[SIGNATE]TITANIC-PyTorch×ニューラルネット

SIGNATE

プログラム

import time
import numpy as np
import pandas as pd
 
import torch
from torch import nn, optim
from torch.utils.data import Dataset, DataLoader,TensorDataset

from sklearn.model_selection import train_test_split
from sklearn.metrics import accuracy_score
import matplotlib.pyplot as plt
import seaborn as sns
 
%matplotlib inline


import warnings
warnings.filterwarnings('ignore')

train_raw = pd.read_csv('I:/SIGNATE/titanic/train.tsv', delimiter='\t', encoding='cp932')
test_raw = pd.read_csv('I:/SIGNATE/titanic/test.tsv', delimiter='\t', encoding='cp932')

train_raw = train_raw.drop('id', axis=1)
columns_list_raw = train_raw.columns
id_list_raw = test_raw.id.values
test_raw = test_raw.drop('id', axis=1)

train = train_raw.drop(['age', 'embarked'], axis=1)
test = test_raw.drop(['age', 'embarked'], axis=1)


sex_mapping = {'male': 0, 'female': 1}
train['sex'] = train_raw['sex'].map(sex_mapping)
test['sex'] = test_raw['sex'].map(sex_mapping)
#sklearnのmapを使用して、置き換えをする。
sex_mapping = {'male': 0, 'female': 1}
train['sex'] = train_raw['sex'].map(sex_mapping)
test['sex'] = test_raw['sex'].map(sex_mapping)
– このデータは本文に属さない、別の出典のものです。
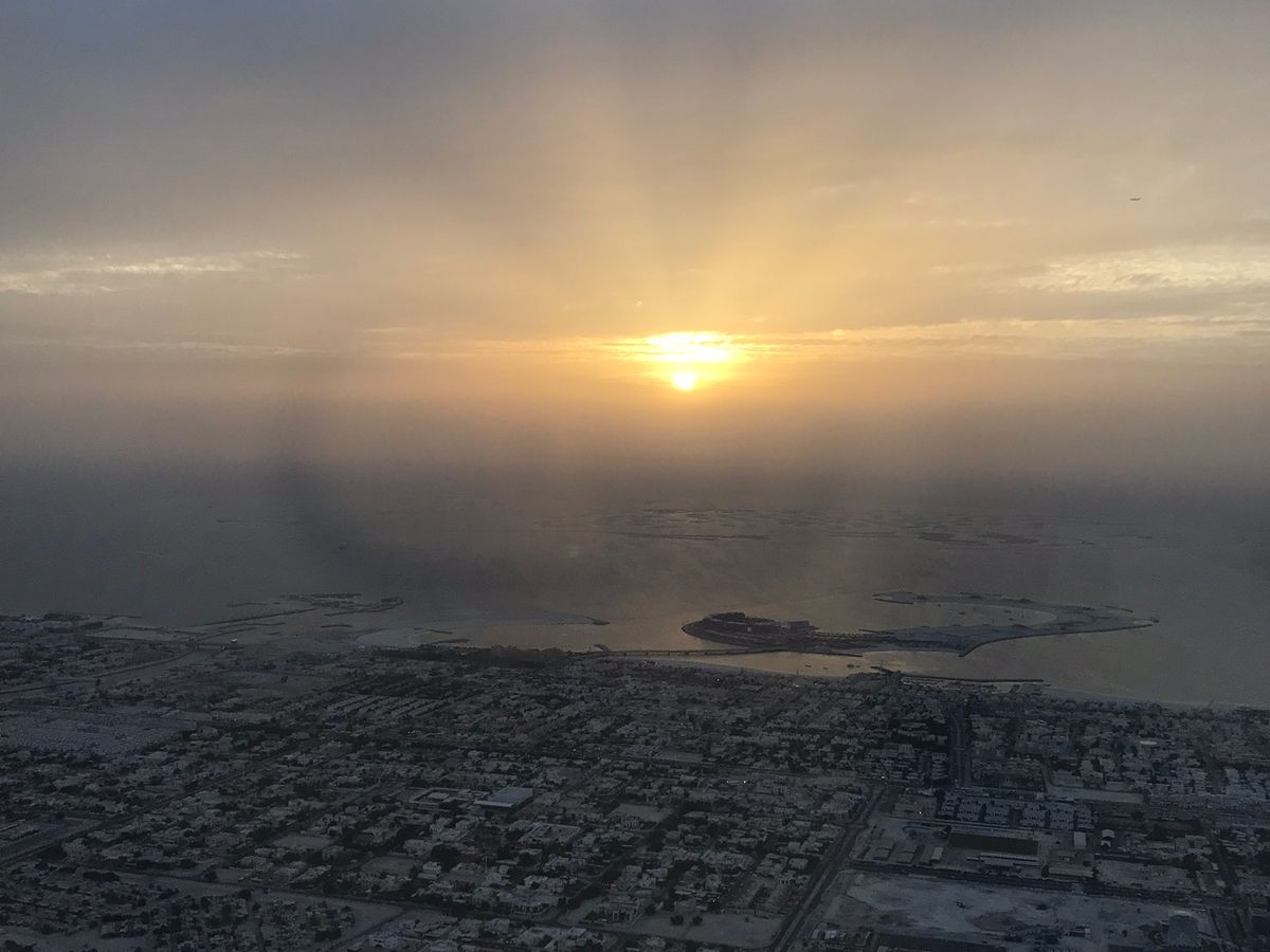 世界一のビル。ドバイに来たからには絶対に登らなくちゃです。12月31日の夕方にに合わせて予約して行きました。長蛇の列の中、並ばずにビップ待遇で入る事が出来たので気分も上がります。カウントダウンの花火を見るためにもう夕方前から会場に入って行く人の流れも上から見えました。夕日も綺麗でした。

X = train.drop('survived', axis=1)
y= train.survived

X = X.values
y = y.values

from sklearn.model_selection import train_test_split

train_X, val_X, train_y, val_y = train_test_split(X, y, test_size=0.2, random_state=0)
train_X.shape

#テンソル型に変換する
train_X = torch.tensor(train_X, dtype=torch.float32)
train_y = torch.tensor(train_y, dtype=torch.int64) 

val_X= torch.tensor(val_X, dtype=torch.float32)
val_y = torch.tensor(val_y, dtype=torch.int64) 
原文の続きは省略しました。